The current study, utilizing a clinical spontaneous reporting system for adverse drug events, revealed a relationship between clozapine and metastases (Tables 3 and 4). To the best of our knowledge, there are no reports detailing the molecular mechanisms through which clozapine promotes cancer metastasis. Additionally, the relationship between drugs and cancer metastasis has not been extensively investigated in clinical settings. Further research is essential to understand these mechanisms and potential clinical implications fully.

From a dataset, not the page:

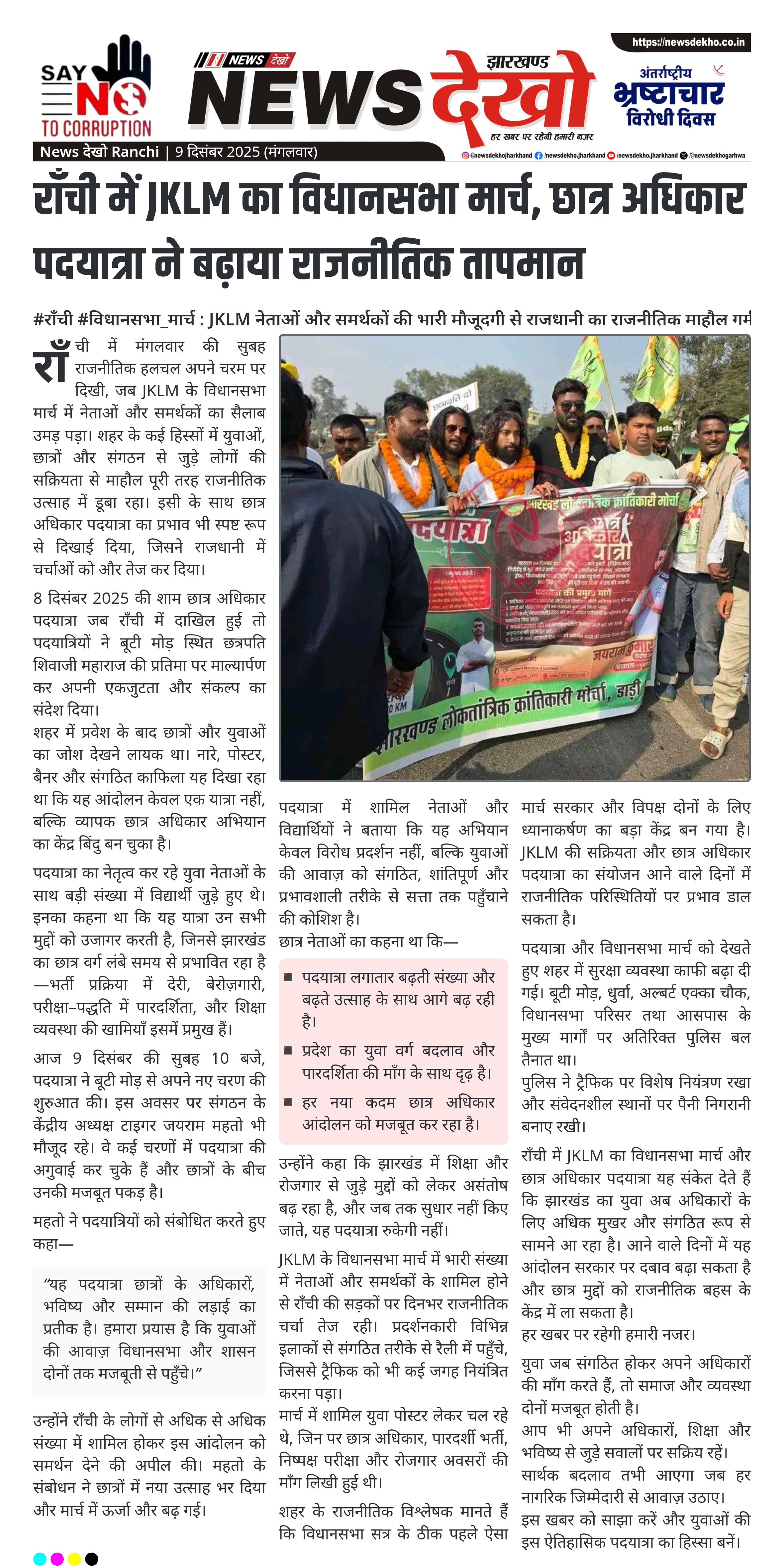 राँची में JKLM का विधानसभा मार्च और छात्र अधिकार पदयात्रा यह संकेत देते हैं कि झारखंड का युवा अब अधिकारों के लिए अधिक मुखर और संगठित रूप से सामने आ रहा है। आने वाले दिनों में यह आंदोलन सरकार पर दबाव बढ़ा सकता है और छात्र मुद्दों को राजनीतिक बहस के केंद्र में ला सकता है।

There are several limitations that need to be addressed. The FAERS database is based on a spontaneous reporting system. Therefore, a reporting bias, such as over- or under-reporting, may be inevitable. Furthermore, deduplication is never perfect [21]. Because clozapine induces agranulocytosis, convulsions, gastrointestinal obstruction, myocarditis, and diabetes, clozapine-treated patients need to be monitored more closely. In the present study, we were unable to rule out the possibility of over-reporting on the development of non-hematological malignant tumors in patients taking clozapine. Since the FAERS database only contains information on patients who developed adverse drug events, the onset of an adverse drug event may affect the results. ROR is not a robust indicator of signal strength and may not correspond to the risk of adverse drug events; it also indicates an increased risk of adverse drug event reporting. The 95% CI is appropriate when no two observations in a dataset are related to each other or affect each other in any way. Since individual PTs were not independent in the present study, this is clearly not a valid assumption for the individual PT analysis reported herein. In addition, unknown confounding factors may have affected the results of logistic regression analyses. Therefore, the present results need to be interpreted in consideration of these limitations.

5 Conclusion

Our disproportionality analysis detected signals associating clozapine use with higher reported frequencies of non-hematological malignant tumors, encompassing lung malignant neoplasm, gastrointestinal carcinoma, esophageal carcinoma, throat cancer, and metastases to the spine, using the FAERS database. The results obtained suggest that sex differences play a role in the development of specific tumors and metastases among clozapine users. Since the FAERS database relies on spontaneous reporting, further pharmacoepidemiological studies are essential to validate these results.